Klarinet Archive - Posting 000136.txt from 1994/03
From: "Dan Leeson: LEESON@-----.EDU> Subj: Re: Scott McChesney's comments Date: Tue, 8 Mar 1994 22:00:48 -0500
Thank you for your input to this matter Scott. It certainly is
understandable that you presumed your dad to be correct with
respect to his information about Mozart's compositional mechanics
and his creative process.
There is nothing wrong about being misinformed about factual information
in and of itself. But I caution you not to draw the conclusions that
you drew and which were based exclusively on your understanding of
how Mozart worked.
I also want to clarify that the process of interpreting music must go
hand in hand with a knowledge of what was happening musically during
the period of time that the piece was written. And should one not know
much about an epoch, this will show in the performance of music created
during that epoch.
You may not be aware of this, but there are periods in the history of
music where so little is known about the customs and practices of those
periods, that the music created then cannot be performed at all. We
are unable to decipher how to even play it. Both the notation and the
instrumental resources remain a great unknown despite decades of study.
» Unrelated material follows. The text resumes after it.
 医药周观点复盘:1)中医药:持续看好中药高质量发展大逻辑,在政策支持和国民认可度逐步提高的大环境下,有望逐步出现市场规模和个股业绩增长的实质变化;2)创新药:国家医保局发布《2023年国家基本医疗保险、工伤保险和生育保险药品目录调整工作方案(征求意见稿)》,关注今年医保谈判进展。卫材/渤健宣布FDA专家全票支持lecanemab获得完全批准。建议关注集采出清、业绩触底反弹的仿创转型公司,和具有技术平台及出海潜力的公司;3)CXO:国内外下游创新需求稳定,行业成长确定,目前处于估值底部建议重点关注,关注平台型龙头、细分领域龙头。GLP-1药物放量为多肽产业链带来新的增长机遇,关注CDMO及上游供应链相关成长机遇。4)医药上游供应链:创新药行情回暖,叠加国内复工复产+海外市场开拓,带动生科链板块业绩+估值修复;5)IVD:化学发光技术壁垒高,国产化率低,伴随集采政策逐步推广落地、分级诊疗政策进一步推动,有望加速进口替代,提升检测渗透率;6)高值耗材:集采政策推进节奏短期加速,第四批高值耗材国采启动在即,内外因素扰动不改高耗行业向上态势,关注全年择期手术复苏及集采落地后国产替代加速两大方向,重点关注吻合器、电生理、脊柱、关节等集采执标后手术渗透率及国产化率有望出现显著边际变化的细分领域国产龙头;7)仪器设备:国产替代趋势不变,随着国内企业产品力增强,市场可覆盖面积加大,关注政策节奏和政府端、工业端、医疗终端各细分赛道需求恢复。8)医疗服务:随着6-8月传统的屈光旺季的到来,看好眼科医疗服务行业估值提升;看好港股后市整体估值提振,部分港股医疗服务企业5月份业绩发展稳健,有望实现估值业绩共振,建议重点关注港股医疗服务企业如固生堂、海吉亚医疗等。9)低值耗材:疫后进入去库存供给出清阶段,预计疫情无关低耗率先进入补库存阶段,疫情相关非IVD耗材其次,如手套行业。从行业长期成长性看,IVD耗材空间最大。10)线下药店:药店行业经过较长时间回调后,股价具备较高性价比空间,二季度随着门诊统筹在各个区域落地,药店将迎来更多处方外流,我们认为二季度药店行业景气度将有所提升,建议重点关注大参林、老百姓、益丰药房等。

Even the madrigal resurfaced after a several hundred year hiatus thanks to
the pioneering work of Alfred Einstein in the 1920s and 30s.
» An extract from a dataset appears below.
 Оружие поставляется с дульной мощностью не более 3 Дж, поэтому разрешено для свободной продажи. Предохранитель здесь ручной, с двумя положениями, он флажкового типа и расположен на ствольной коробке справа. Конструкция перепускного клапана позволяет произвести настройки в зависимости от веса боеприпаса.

Thank goodness that Mozart is not in that class and that there has been
a very good transition of information from his time to ours that enables
us to do many things stylistically correctly when performing such music.
But our ignorance of the many opportunities available to us when we
play it (and the fact that we miss most of them) stands as testament to
how much we don't know about performing this fragile music.
Perhaps the most important difference in philosophy between then and
now is that Mozart expected the performer to be part of the creative
process when he or she performed a solo work, whereas today, we limit
ourselves to simply reproducing what it was he wrote and avoiding
any creativity whatsoever. (I should mention that I do not think that
performance in the most general sense is a creative activity and this
may well be a very controversial perspective of the role of a player.)
This important difference is what causes us to focus on those aspects
of performance that tend to freeze and ossify music. Those things that
enable creativity in performance are either discouraged, not taught, or
denied as being in the realm of the performing artist.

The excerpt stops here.